On the other hand, array elements seem to be handled in memory very differently:

4343850232
[, 4357386720, , 4357386720, , 4357386720, , 4357386720, ,, 4357386720, , 4357386720]

The function seems to alternate between two separate locations in memory for storing these values. Notice that none of the elements are identical to the nan used in the filter condition.

Case Studies

We can now apply all this information we've gathered to the four separate cases used in the experiment to explain our observations.

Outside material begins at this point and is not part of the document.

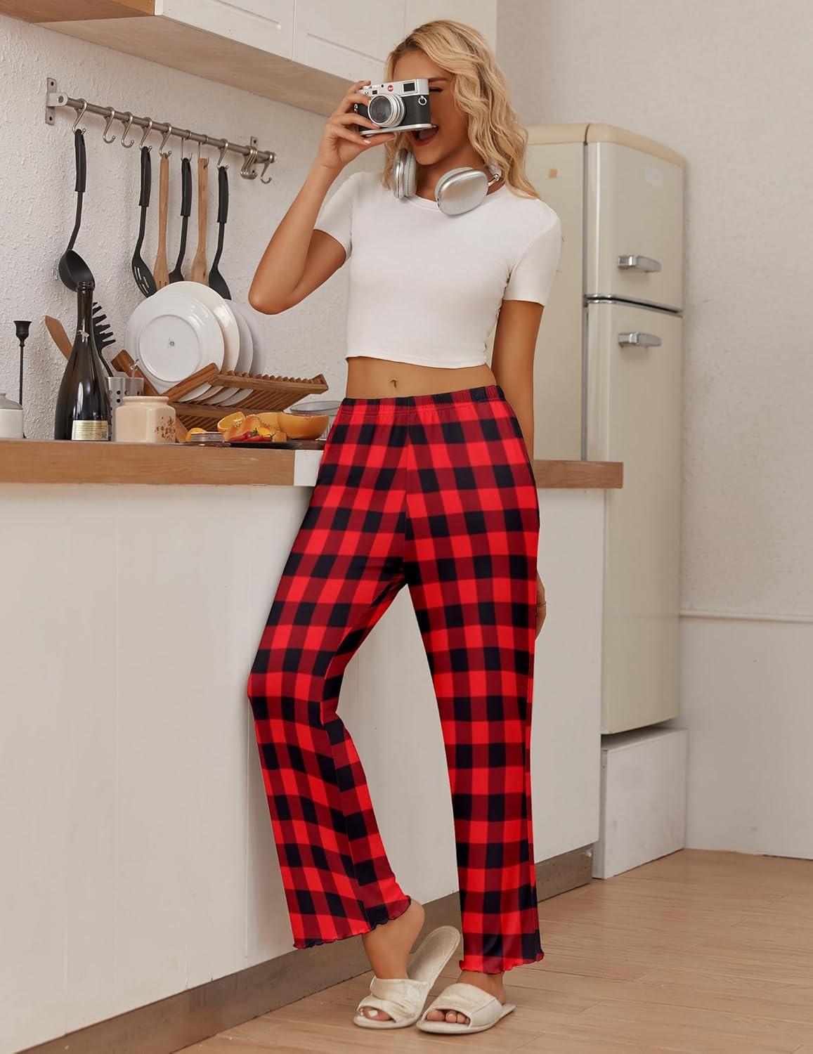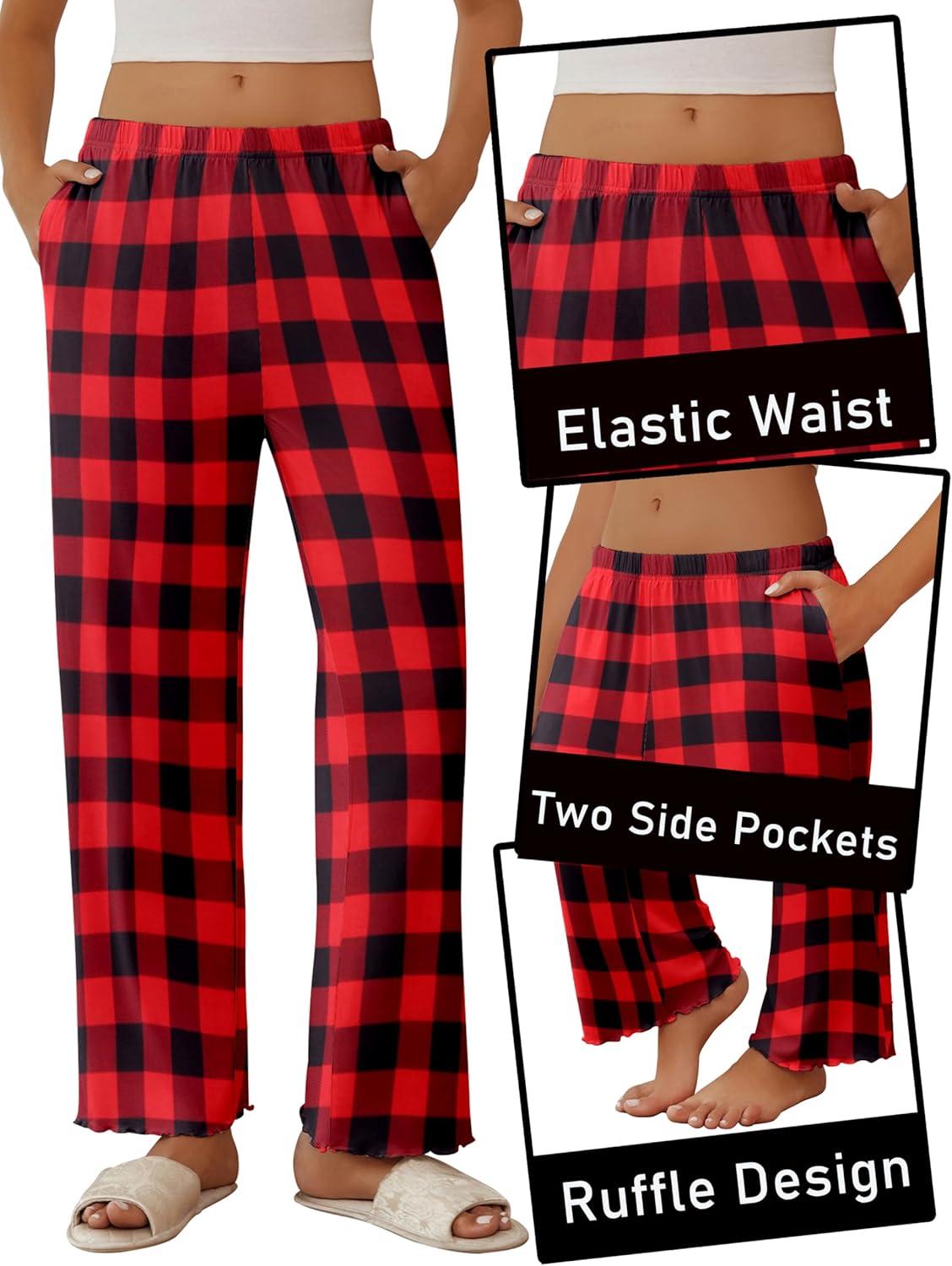 Ekouaer Pajama Pants Women Soft Casual Lounge Pajama Bottoms Comfy Stretch Sleep Pants Wide Leg Pj Bottoms with Pockets(Black Red Plaid)

Original function with lists

During this case, we use the default identity function as keyfunc , and we've seen that each occurrence of nan in lists are in fact all the same instance. The nan used in the filter conditional if key is nan is also identical to the nan elements in the list, causing groupby to break the list at appropriate places and only retain the groups containing nan . This is why this variant works and we obtain the correct result of 3 .

Original function with arrays

Again, we use the default identity function as keyfunc , but this time all nan occurrences - including the one in the filter conditional - point to different objects. This means that the conditional filter if key is nan will fail for all groups. Since we can't find the maximum of an empty collection, we fall back on the default value of 0 .

Modified function with lists and arrays

In both of these cases, we use np.isnan as keyfunc . This will cause groupby to split the sequence into contiguous sequences of nan and non- nan elements.

For the list/array we used for our experiment, the longest sequence of nan elements is [nan, nan, nan] , which has three elements, and the longest sequence of non- nan elements is [0.16, 1, 0.16, 0.9999, 0.0001, 0.16, 0.101] , which has 7 elements.

max will select the longer of these two sequences and return 7 in both cases.